- Our Work
Food and discussion begin at 12:30 pm. Open to current Princeton faculty, staff, and students. Open to members of the public by invitation only. Please contact Jean Butcher at if you are interested in attending a particular lunch.
De-anonymization is identifying the owner of an anonymous piece of data to re-identify the source. Research has shown that it is possible to de-anonymize individuals in large datasets by searching for fingerprints in anonymous data. In this work, we are interested in de-anonymizing programmers by attributing authorship to code samples of unknown authors. Being able to de-anonymize programmers can aid in resolving plagiarism issues, forensic investigations, and copyright-copyleft disputes. However, being able to de-anonymize individuals among thousands is a direct threat to privacy and anonymity. In this talk, we will examine de-anonymizing programmers from the standpoint of machine learning, which provides methods applicable to code stylometry to model programmers’ coding styles. Stylometry has been known to exist as the study of writing style, which is unique to every author. Similarly, code stylometry shows that coding style is unique to each programmer. Consequently, it is possible to de-anonymize programmers from their coding styles. A source code sample can be represented as a feature vector consisting of stylometric properties of code, such as lexical, layout, and syntactic properties. By using these numeric representations, a machine learning classifier generates a model for each programmer’s style, and attributes authorship to 14,400 anonymous source code samples of 1,600 programmers with 94% correct classification rate, which is a breakthrough in accuracy.
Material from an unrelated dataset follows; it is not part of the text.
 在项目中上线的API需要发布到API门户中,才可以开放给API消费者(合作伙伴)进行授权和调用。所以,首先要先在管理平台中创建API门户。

We also tackle the much harder problem of de-anonymizing programmers from executable binaries of compiled code. Many potentially distinguishing features present in source code, e.g. variable names, are removed in the compilation process, and compiler optimization may alter the structure of a program, further obscuring features that are known to be useful in determining authorship. We examine executable binary authorship attribution by using a novel set of features that include ones obtained by decompiling the executable binary to source code. We show that many syntactical features present in source code do in fact survive compilation and can be recovered from decompiled executable binaries. This allows us to add a powerful set of techniques from the domain of source code authorship attribution to the existing ones used for executable binaries, resulting in significant improvements to accuracy and scalability. We demonstrate this improvement on data from the Google Code Jam, obtaining attribution accuracy of up to 96% with 20 candidate programmers. We also demonstrate that our approach is robust to a range of compiler optimization settings, and binaries that have been stripped of their symbol tables. Finally, for the first time we are aware of, we demonstrate that authorship attribution can be performed on real world code found “in the wild” by performing attribution on single-author GitHub repositories.
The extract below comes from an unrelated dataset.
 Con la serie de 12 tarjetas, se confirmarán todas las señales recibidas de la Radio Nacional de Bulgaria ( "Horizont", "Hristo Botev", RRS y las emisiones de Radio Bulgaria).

Aylin Caliskan-Islam is a Postdoctoral Research Associate at CITP. Her work on the two main realms, security and privacy, involves the use of machine learning and natural language processing. In her previous work, she demonstrated that de-anonymization is possible through analyzing linguistic style in a variety of textual media, including social media, cyber criminal forums, and source code. She is currently extending her de-anonymization work to include non-textual data such as binary files and developing countermeasures against de-anonymization. Aylin’s other research interests include quantifying and classifying human privacy behavior and designing privacy nudges to avoid private information disclosure as a countermeasure. At Princeton, she works with Dr. Arvind Narayanan on text sanitization of sensitive documents for public disclosure, which can enable researchers to share data with linguists, sociologists, psychologists, and computer scientists without breaching the research subjects’ privacy. Her work has been featured in prominent privacy and security conferences such as Usenix Security Symposium, IEEE Symposium on Security and Privacy, Privacy Enhancing Technologies Symposium, and the Workshop on Privacy in the Electronic Society. In addition, she has given lectures and talks on privacy, security, and machine learning subjects at the Chaos Communications Congress and Drexel University. She holds a PhD in Computer Science from Drexel University and a Master of Science in Robotics from the University of Pennsylvania.